··· INFORMATION PROVIDED

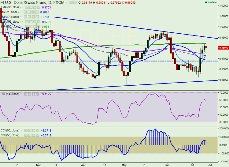 - USD/CHF has made a high of 0.9836 yesterday and started to decline from that level. It is currently trading around 0.9800.
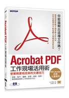 PDF的製作與編輯都需要藉助Adobe Acrobat完成。Adobe Acrobat除了具備PDF的製作以及頁面文字、圖片的編輯功能之外,還內建了表格與註解與電子簽名的驗證功能,但也因為功能過於豐富,導致許多功能被忽略了,想必不少人都只是將PDF當成印刷完稿用的軟體而已吧!因此,本書除了鉅細靡遺地介紹Acrobat的功能之外,還介紹組合多種功能才得以實現的技巧以及能在職場應用的PDF絕招。本書的重點在於實務的應用,至於理論上的說明則力求精簡。
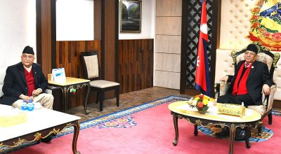 काठमाडौं । प्रधानमन्त्री पुष्पकमल दाहाल प्रचण्डसँग नेकपा एमालेका अध्यक्ष केपी शर्मा ओलीले आज पुनः भेटवार्ता

······

▶ _AIM OF THE EXERCISE_: Write out the listing above again, exactly, but with no pictures in the copy.

▶ _SOLUTION TO THIS PROBLEM_:
 - USD/CHF has made a high of 0.9836 yesterday and started to decline from that level. It is currently trading around 0.9800.
 PDF的製作與編輯都需要藉助Adobe Acrobat完成。Adobe Acrobat除了具備PDF的製作以及頁面文字、圖片的編輯功能之外,還內建了表格與註解與電子簽名的驗證功能,但也因為功能過於豐富,導致許多功能被忽略了,想必不少人都只是將PDF當成印刷完稿用的軟體而已吧!因此,本書除了鉅細靡遺地介紹Acrobat的功能之外,還介紹組合多種功能才得以實現的技巧以及能在職場應用的PDF絕招。本書的重點在於實務的應用,至於理論上的說明則力求精簡。
 काठमाडौं । प्रधानमन्त्री पुष्पकमल दाहाल प्रचण्डसँग नेकपा एमालेका अध्यक्ष केपी शर्मा ओलीले आज पुनः भेटवार्ता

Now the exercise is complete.